Directions for this task | Within the listing below, how many lines contain the word "included"? Answer with the number only.

Material shown |
□ □ □ □ □ □ □
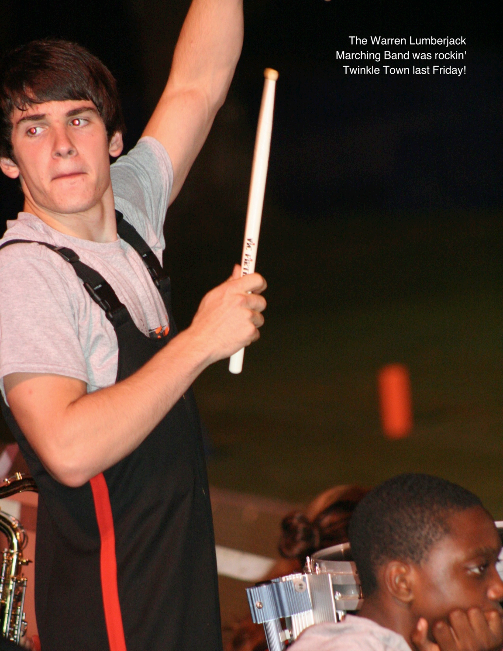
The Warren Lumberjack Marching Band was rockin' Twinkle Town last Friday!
□ □ □ □ □ □ □
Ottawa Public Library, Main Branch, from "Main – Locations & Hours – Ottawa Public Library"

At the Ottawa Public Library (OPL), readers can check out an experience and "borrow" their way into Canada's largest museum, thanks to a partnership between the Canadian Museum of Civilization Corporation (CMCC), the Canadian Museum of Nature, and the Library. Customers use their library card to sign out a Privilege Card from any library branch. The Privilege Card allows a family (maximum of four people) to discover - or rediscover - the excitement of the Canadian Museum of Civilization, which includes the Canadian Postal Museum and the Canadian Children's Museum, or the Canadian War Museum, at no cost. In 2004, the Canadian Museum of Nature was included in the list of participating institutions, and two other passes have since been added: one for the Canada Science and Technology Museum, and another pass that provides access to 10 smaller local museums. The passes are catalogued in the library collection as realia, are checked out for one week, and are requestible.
□ □ □ □ □ □ □
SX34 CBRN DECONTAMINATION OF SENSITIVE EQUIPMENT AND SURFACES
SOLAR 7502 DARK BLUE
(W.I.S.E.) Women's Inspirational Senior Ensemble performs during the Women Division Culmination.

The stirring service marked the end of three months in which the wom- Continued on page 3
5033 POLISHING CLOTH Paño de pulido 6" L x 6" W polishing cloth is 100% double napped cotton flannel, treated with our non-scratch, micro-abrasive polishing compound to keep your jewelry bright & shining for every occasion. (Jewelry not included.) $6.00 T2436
□ □ □ □ □ □ □
Response to the exercise | 2